*** Opening Extracted entries ***

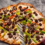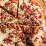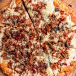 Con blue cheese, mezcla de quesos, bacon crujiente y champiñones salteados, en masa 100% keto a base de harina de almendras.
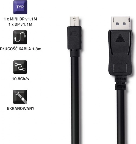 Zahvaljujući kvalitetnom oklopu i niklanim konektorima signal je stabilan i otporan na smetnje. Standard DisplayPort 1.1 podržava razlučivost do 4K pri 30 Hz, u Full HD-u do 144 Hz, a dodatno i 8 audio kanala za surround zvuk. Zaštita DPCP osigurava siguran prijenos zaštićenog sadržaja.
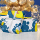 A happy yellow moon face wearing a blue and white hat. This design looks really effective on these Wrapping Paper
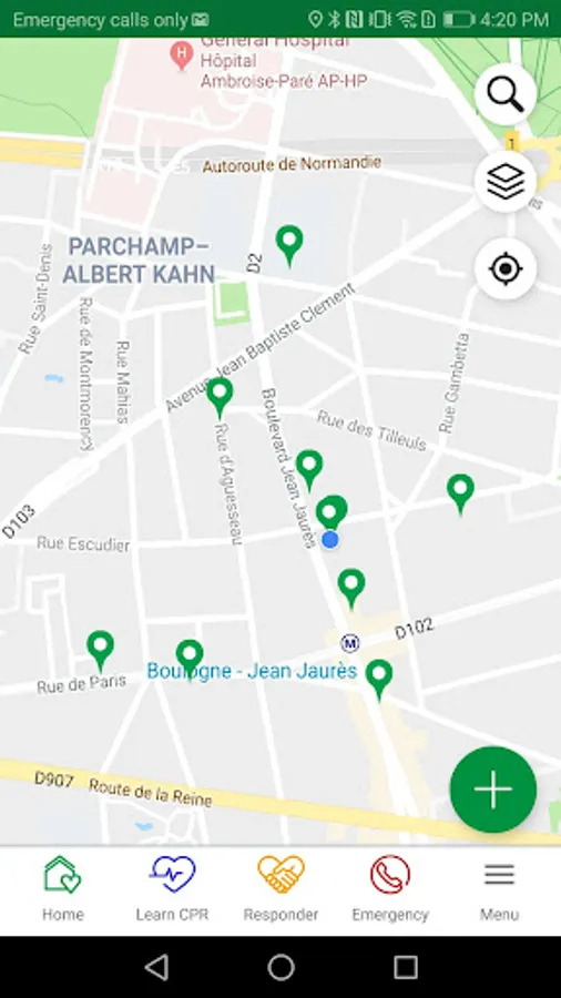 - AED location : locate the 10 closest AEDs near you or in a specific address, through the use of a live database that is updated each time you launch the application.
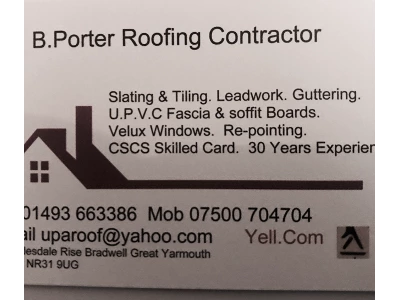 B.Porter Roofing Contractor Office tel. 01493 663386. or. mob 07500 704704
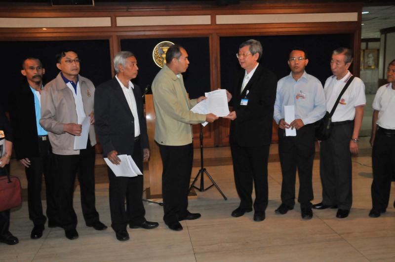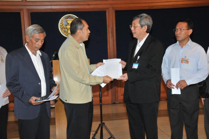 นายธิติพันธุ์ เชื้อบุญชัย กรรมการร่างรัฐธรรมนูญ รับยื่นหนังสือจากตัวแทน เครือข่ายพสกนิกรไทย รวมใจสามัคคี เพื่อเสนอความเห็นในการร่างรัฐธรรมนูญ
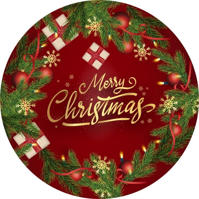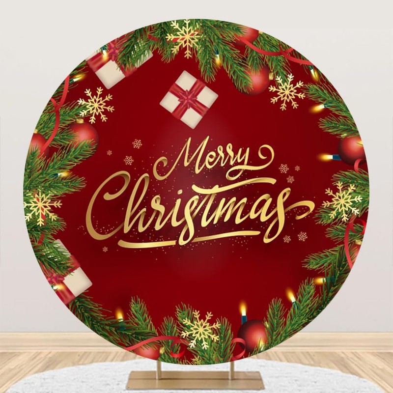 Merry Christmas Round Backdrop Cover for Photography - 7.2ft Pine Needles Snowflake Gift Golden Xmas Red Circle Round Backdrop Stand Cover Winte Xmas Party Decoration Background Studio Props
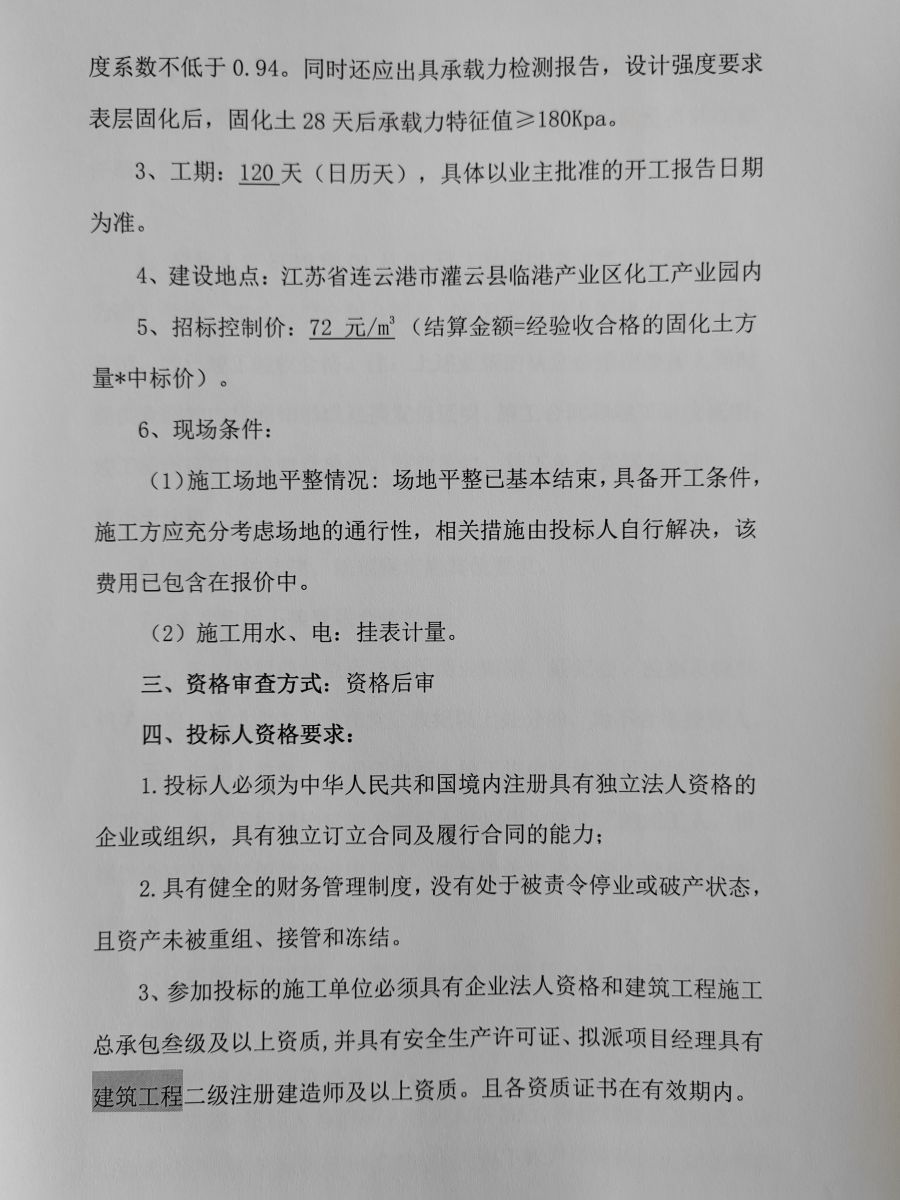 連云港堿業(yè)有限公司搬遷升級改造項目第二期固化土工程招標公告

*** Closing Extracted entries ***

» Requirement: Skipping every picture, transcribe exactly the lines above from the one containing "Zahvaljujući kvalitetnom oklopu" through the one containing "นายธิติพันธุ์ เชื้อบุญชัย กรรมการร่างรัฐธรรมนูญ", both included.

» Finished exercise:
 Zahvaljujući kvalitetnom oklopu i niklanim konektorima signal je stabilan i otporan na smetnje. Standard DisplayPort 1.1 podržava razlučivost do 4K pri 30 Hz, u Full HD-u do 144 Hz, a dodatno i 8 audio kanala za surround zvuk. Zaštita DPCP osigurava siguran prijenos zaštićenog sadržaja.
 A happy yellow moon face wearing a blue and white hat. This design looks really effective on these Wrapping Paper
 - AED location : locate the 10 closest AEDs near you or in a specific address, through the use of a live database that is updated each time you launch the application.
 B.Porter Roofing Contractor Office tel. 01493 663386. or. mob 07500 704704
 นายธิติพันธุ์ เชื้อบุญชัย กรรมการร่างรัฐธรรมนูญ รับยื่นหนังสือจากตัวแทน เครือข่ายพสกนิกรไทย รวมใจสามัคคี เพื่อเสนอความเห็นในการร่างรัฐธรรมนูญ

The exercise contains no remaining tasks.